Slope and orientation of land

  • Slopes of a mountain facing the Sun experiences high temperature than the slopes on the leeward side due to more insolation.
  • A steep slope experiences a more rapid change in temperature than a gentle one.

Isotherms

  • The isotherms are the lines joining places having equal temperature.
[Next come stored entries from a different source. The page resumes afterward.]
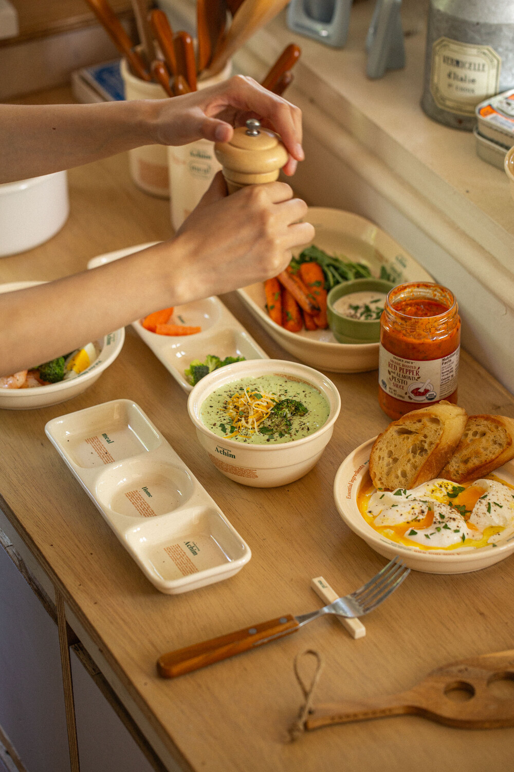 매일 아침의 따뜻한 식사에서 모티브를 얻는 제품으로 밥, 국, 수프, 요거트 등 다양한 음식을 담을 수 있는 실용적인 타입의 그릇입니다.
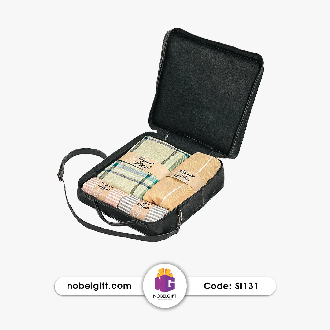ست حوله تبلیغاتی با طراحی منحصربه‌فرد و بسته بندی ویژه در کنار کیفیت و زیبایی، هدیه‌ای شیک و مناسب جهت تقدیم به افراد است. این ست تبلیغاتی 6 تکه شامل محصولات زیر می باشد:
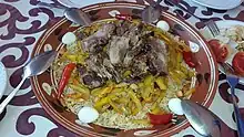 Mandi (Yémen) viandes(poulet et/ou agneau) et riz avec un mélange spécial d'épices, cuit dans une fosse creusée dans le sol qui tient lieu de four, la volaille suspendue est cuite à la vapeur du riz [89]. Le riz wolof accompagne souvent le poulet [90].
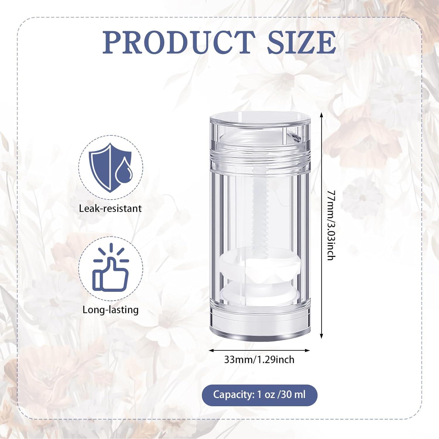 Ample Quantity: You will receive 36 pcs 30ml clear empty deodorant containers in this set; Each empty deodorant container is refillable and dispenses product by twisting the bottom wheel, ideal for DIY homemade deodorant and other products
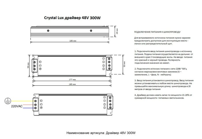 Драйвер 48V Crystal Lux драйвер 48V 300W
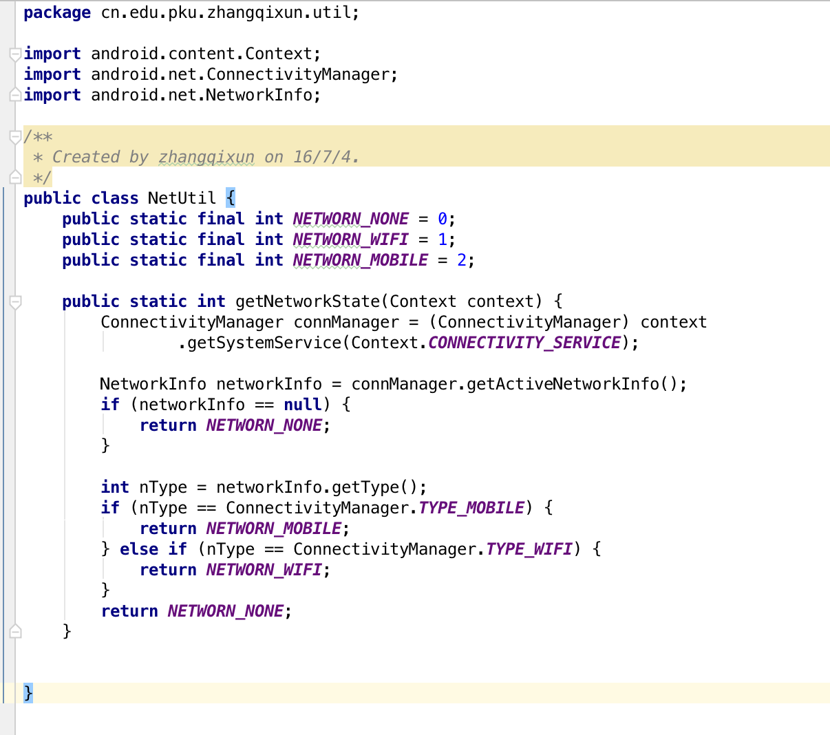 if (NetUtil.getNetworkState(this) != NetUtil.NETWORN_NONE) {
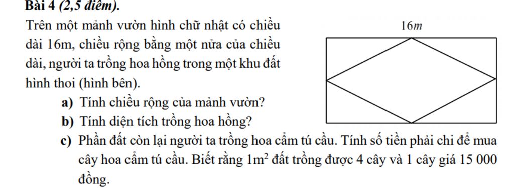 Diện tích trồng hoa cẩm tú là:
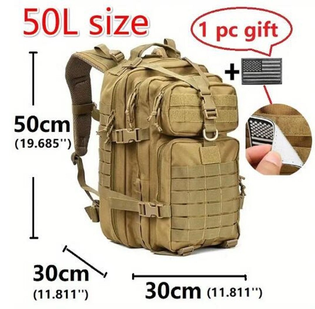 アウトドア用 超高品質 大型 50L バックパック リュックサックミリタリー 大容量 多機能防水サバゲー装備キャンプ野外登山 30×30×50cm 緑

Chief features of Isotherms

  • The isotherms are generally parallel to equator.
  • They show successive temperature decrease towards the poles.
  • The rate of change of temperature is indicated by the spacing between isotherms.
  • Closely drawn isotherms indicate rapid change in temperature and vice-versa.
  • The isothermal lines have larger space on the oceans and become closer on the continents..

(A) Horizontal distribution of temperature (in January)

  • In January the northern hemisphere, the air over the oceans is warmer than the continents, so here the isothermal lines bend towards the equator while crossing the continents and towards the poles while crossing the oceans.
  • The position of isothermal lines in the Southern Hemisphere is just the opposite.
  • They bend towards the poles while crossing the continents and the equator bends further when crossing the oceans.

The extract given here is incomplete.